For many functions, discretization of the domain is straightforward. But if the function has singularities close to the domain of approximation, a continuum approach may be more robust.

The approximate function can take a vector of sample points as a domain. The given function is then evaluated only at those points, and the rational approximation is a fully discrete process that uses only the given data.

using RationalFunctionApproximation, ComplexRegions
x = -1:0.01:1
f = x -> tanh(5 * (x - 0.2))
r = approximate(f, x)

Barycentric{Float64, Float64} rational of type (11, 11) constructed from 201 samples

You can alternatively provide just the discrete function values yourself. The domain is always given second:

y = f.(x)
r = approximate(y, x)

Barycentric{Float64, Float64} rational of type (11, 11) constructed from 201 samples

As long as there are no singularities as close to the domain as the sample points are to one another, a basic discretization works well.

I = unit_interval
println("nearest pole is $(minimum(dist(z, I) for z in poles(r))) away")
_, err = check(r);
println("max error on the given domain: ", maximum(abs, err))

nearest pole is 0.31415926535638594 away
[ Info: Max error is 2.24e-14
max error on the given domain: 2.2426505097428162e-14

But if the distance to a singularity is comparable to the sample spacing, the quality of the approximation may suffer. Even worse, the method may not be aware that it has failed.

f = x -> tanh(400 * (x - 0.2))
r = approximate(f, x)
println("nearest pole is $(minimum(dist(z, I) for z in poles(r))) away")
_, err = check(r);
println("max error on the given domain: ", maximum(abs, err))
err = maximum(abs(f(x)- r(x)) for x in range(-1, 1, 3000))
println("max error on finer test points: ", err)

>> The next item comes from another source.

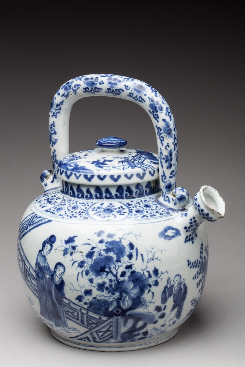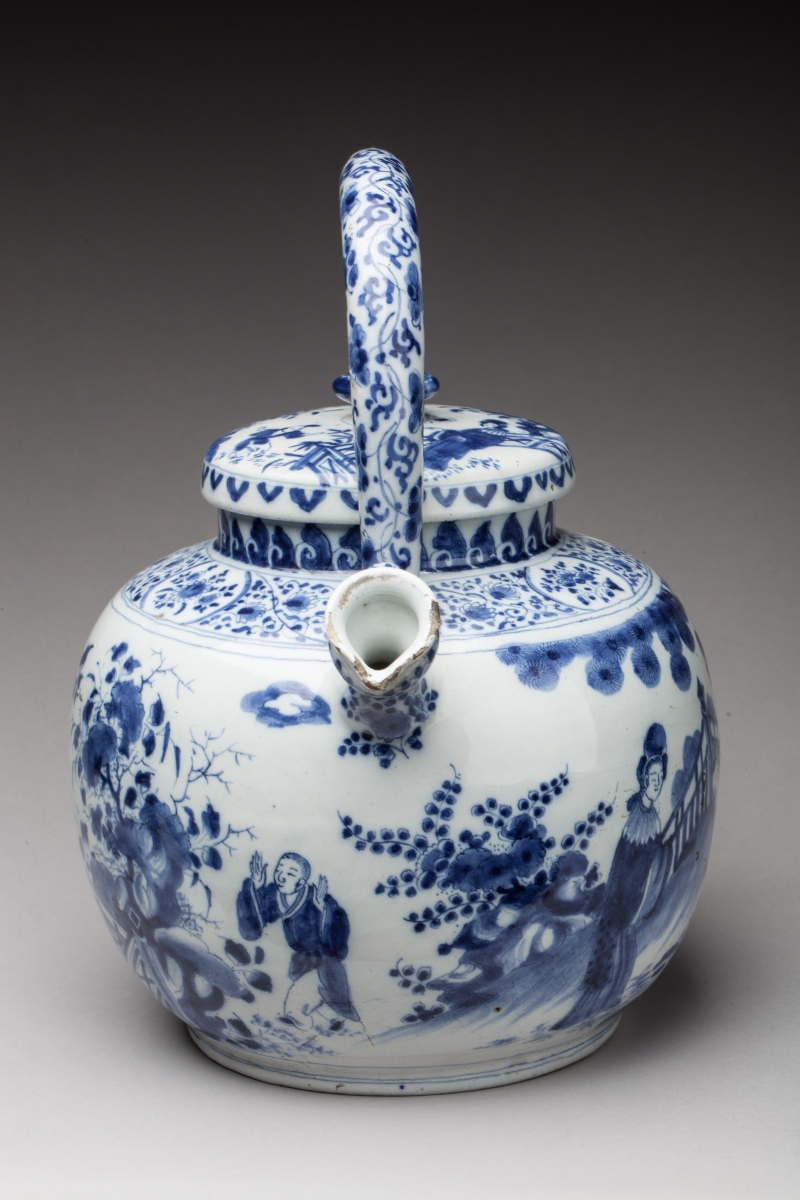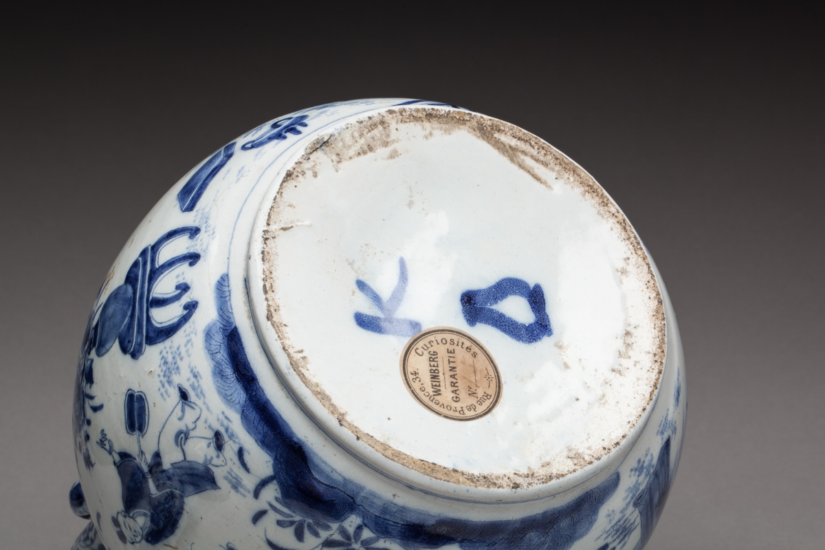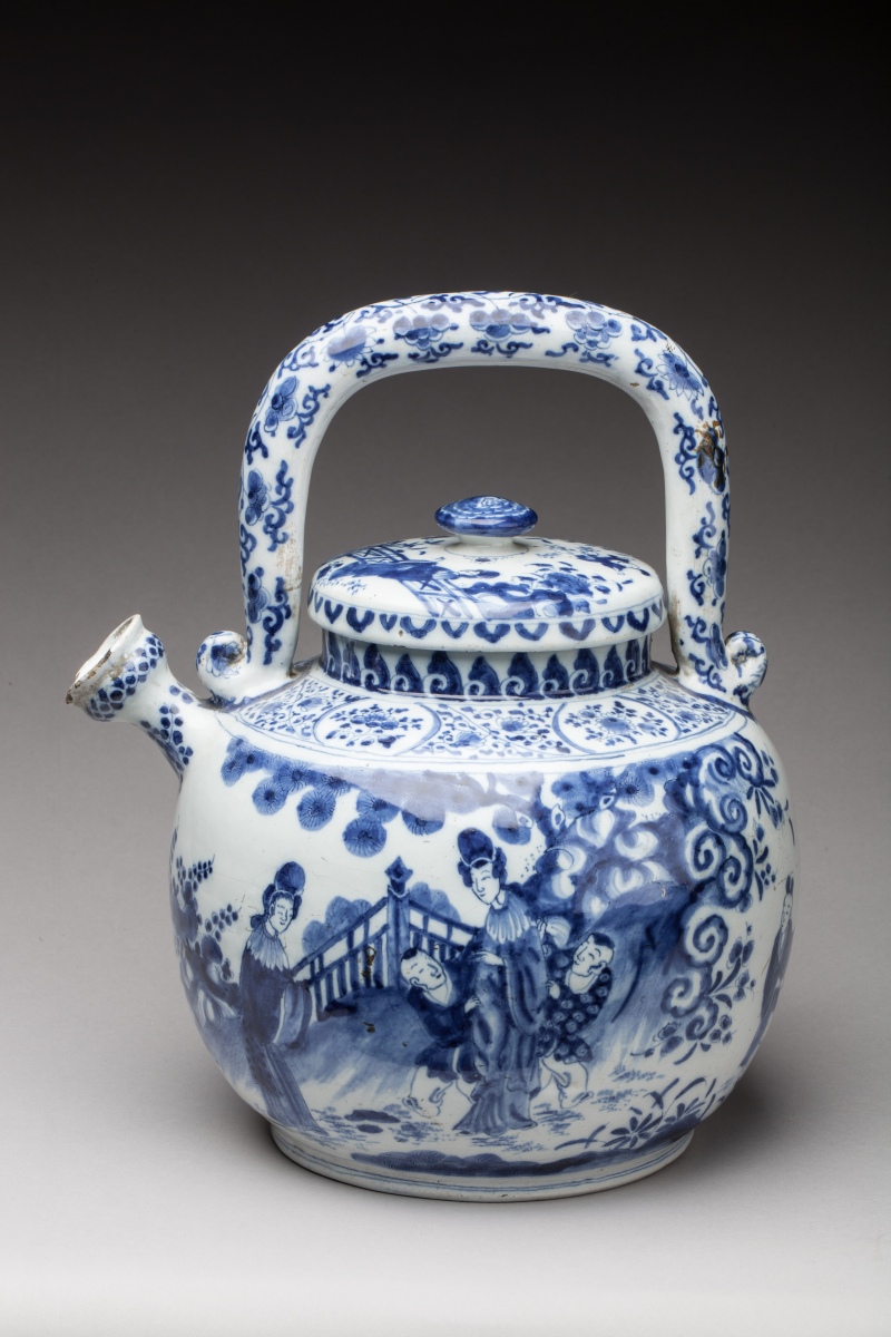 DELFT (?). THÉIÈRE à anse fixe en faïence, le décor à l'imitation de la Chine en camaïeu bleu de personnages dans un jardin. L'anse et l'épaule à décor de fleurs. Marques au revers.

nearest pole is 0.004569419284272946 away
[ Info: Max error is 7.84e-14
max error on the given domain: 7.838174553853605e-14
max error on finer test points: 0.058457305710306495

In the continuous mode, the adaptive sampling of the domain attempts to ensure that the approximation is accurate everywhere.

r = approximate(f, I; tol=1e-12)
err = maximum(abs(f(x)- r(x)) for x in range(-1, 1, 3000))
println("max error on finer test points: ", err)

┌ Warning: Stopping with estimated error 1.698e-12 after 60 iterations
└ @ RationalFunctionApproximation ~/work/RationalFunctionApproximation.jl/RationalFunctionApproximation.jl/src/barycentric.jl:367
max error on finer test points: 1.938782467902911e-12